» **Your objective**: Pictures in the data should be dropped; transcribe exactly the lines from the one that has "鉢形城本丸跡の石柱がある後ろ" through the one that has "Rosa Bonheur made".
** Given information follows **
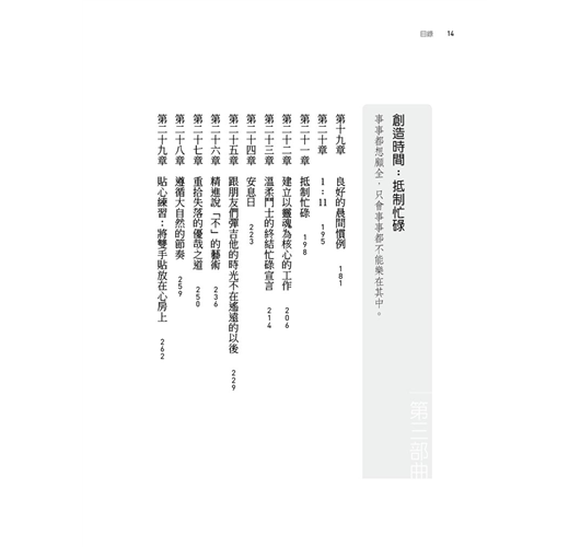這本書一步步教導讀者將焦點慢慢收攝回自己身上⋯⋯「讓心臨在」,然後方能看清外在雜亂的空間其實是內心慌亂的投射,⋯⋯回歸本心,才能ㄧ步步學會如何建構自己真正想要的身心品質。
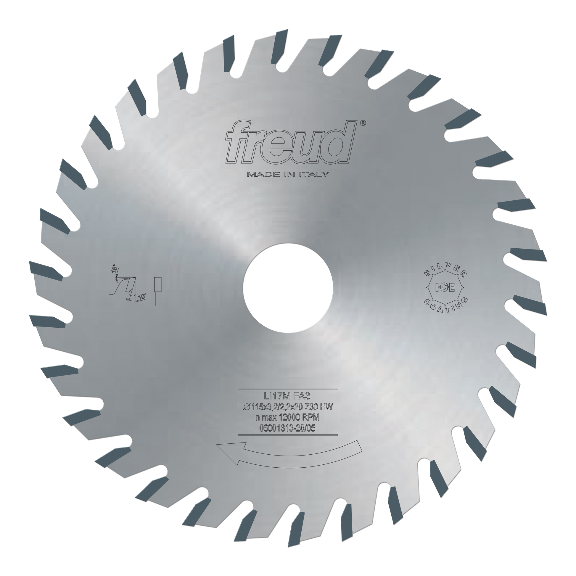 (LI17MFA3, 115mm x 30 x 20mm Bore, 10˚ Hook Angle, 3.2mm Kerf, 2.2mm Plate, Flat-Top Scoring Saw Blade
** End of Given information **
** Given information follows **
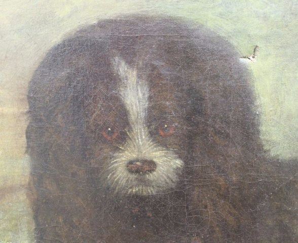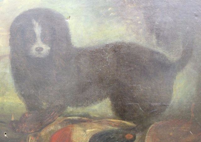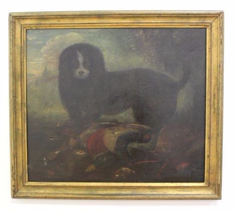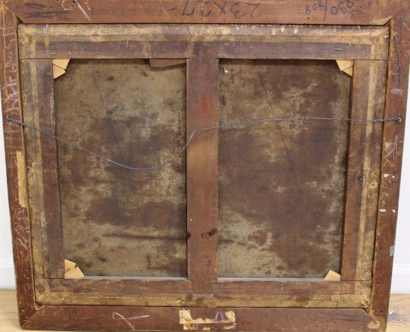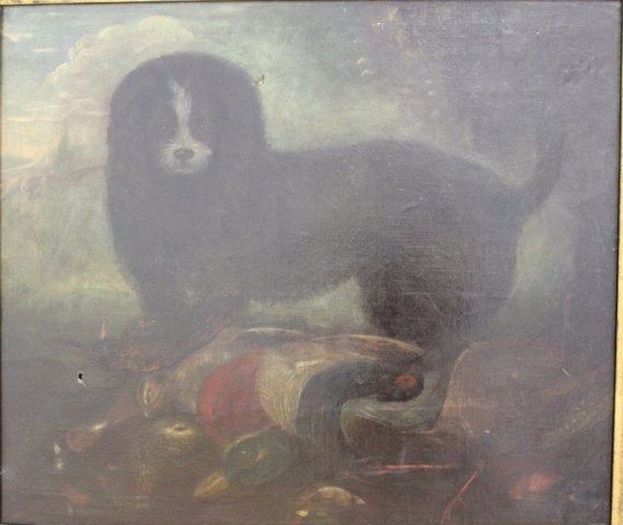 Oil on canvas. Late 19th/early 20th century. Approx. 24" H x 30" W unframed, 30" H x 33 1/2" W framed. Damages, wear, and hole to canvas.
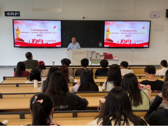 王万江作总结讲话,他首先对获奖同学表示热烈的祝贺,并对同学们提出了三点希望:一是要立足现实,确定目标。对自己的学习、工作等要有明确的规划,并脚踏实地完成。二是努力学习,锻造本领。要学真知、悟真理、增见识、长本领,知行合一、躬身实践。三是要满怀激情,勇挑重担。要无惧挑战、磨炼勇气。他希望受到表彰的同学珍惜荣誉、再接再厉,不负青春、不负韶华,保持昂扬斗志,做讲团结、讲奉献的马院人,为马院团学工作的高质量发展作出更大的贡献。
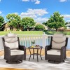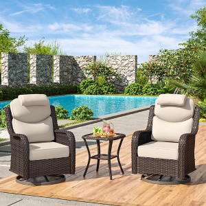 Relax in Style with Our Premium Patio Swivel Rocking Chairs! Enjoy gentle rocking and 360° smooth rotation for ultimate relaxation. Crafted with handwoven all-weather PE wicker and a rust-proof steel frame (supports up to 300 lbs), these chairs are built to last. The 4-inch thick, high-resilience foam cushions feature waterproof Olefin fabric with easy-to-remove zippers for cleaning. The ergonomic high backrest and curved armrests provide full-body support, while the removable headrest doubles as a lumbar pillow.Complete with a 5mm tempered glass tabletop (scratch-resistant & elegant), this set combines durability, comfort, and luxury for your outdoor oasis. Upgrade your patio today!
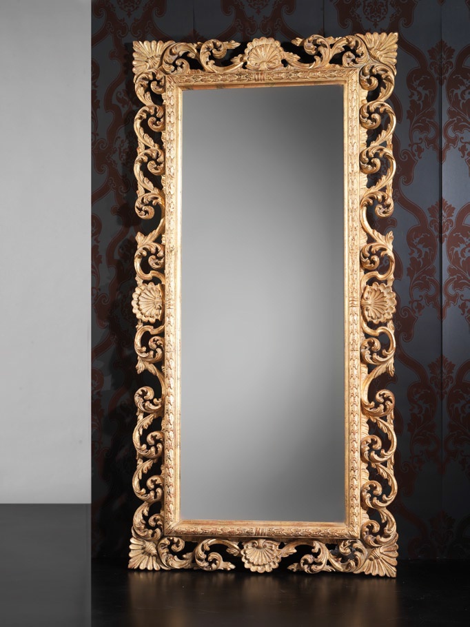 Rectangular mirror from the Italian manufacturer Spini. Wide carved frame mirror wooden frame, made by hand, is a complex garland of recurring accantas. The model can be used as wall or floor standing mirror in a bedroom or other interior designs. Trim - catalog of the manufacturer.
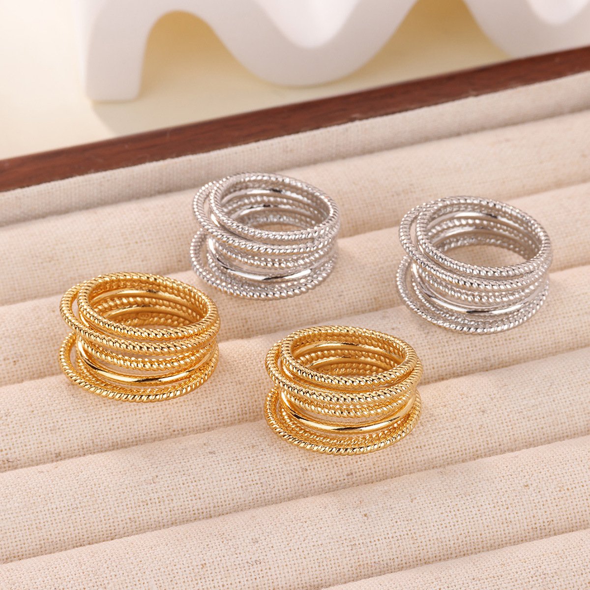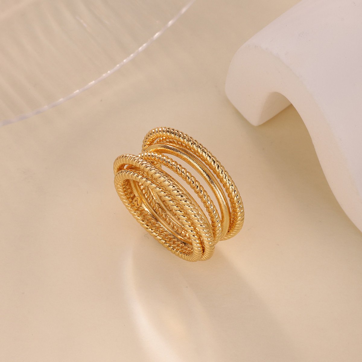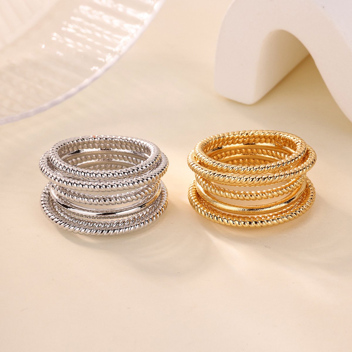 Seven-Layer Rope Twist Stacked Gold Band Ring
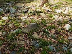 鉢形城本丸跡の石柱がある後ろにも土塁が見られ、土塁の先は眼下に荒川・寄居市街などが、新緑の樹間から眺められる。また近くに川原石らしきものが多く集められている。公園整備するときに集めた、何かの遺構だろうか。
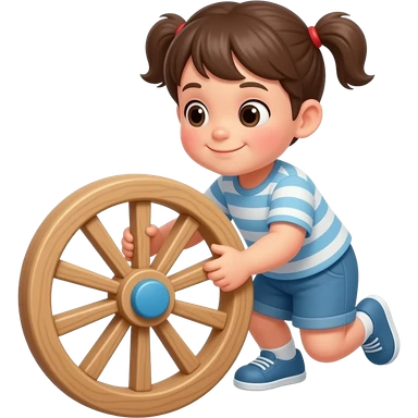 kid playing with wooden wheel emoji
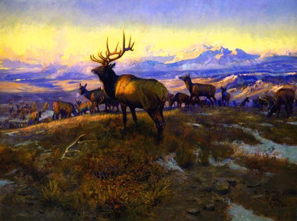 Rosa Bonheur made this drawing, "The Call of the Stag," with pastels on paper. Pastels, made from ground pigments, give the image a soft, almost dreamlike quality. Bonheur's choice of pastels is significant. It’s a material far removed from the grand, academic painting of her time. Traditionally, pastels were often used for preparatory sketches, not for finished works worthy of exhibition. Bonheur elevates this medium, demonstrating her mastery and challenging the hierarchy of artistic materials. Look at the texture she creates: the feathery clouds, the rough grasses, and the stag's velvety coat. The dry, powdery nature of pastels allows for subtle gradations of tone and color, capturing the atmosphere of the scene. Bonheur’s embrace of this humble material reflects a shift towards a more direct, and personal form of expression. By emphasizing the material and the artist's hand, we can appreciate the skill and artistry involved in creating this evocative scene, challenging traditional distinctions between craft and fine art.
** End of Given information **
» **Worked solution**:
 鉢形城本丸跡の石柱がある後ろにも土塁が見られ、土塁の先は眼下に荒川・寄居市街などが、新緑の樹間から眺められる。また近くに川原石らしきものが多く集められている。公園整備するときに集めた、何かの遺構だろうか。
 kid playing with wooden wheel emoji
 Rosa Bonheur made this drawing, "The Call of the Stag," with pastels on paper. Pastels, made from ground pigments, give the image a soft, almost dreamlike quality. Bonheur's choice of pastels is significant. It’s a material far removed from the grand, academic painting of her time. Traditionally, pastels were often used for preparatory sketches, not for finished works worthy of exhibition. Bonheur elevates this medium, demonstrating her mastery and challenging the hierarchy of artistic materials. Look at the texture she creates: the feathery clouds, the rough grasses, and the stag's velvety coat. The dry, powdery nature of pastels allows for subtle gradations of tone and color, capturing the atmosphere of the scene. Bonheur’s embrace of this humble material reflects a shift towards a more direct, and personal form of expression. By emphasizing the material and the artist's hand, we can appreciate the skill and artistry involved in creating this evocative scene, challenging traditional distinctions between craft and fine art.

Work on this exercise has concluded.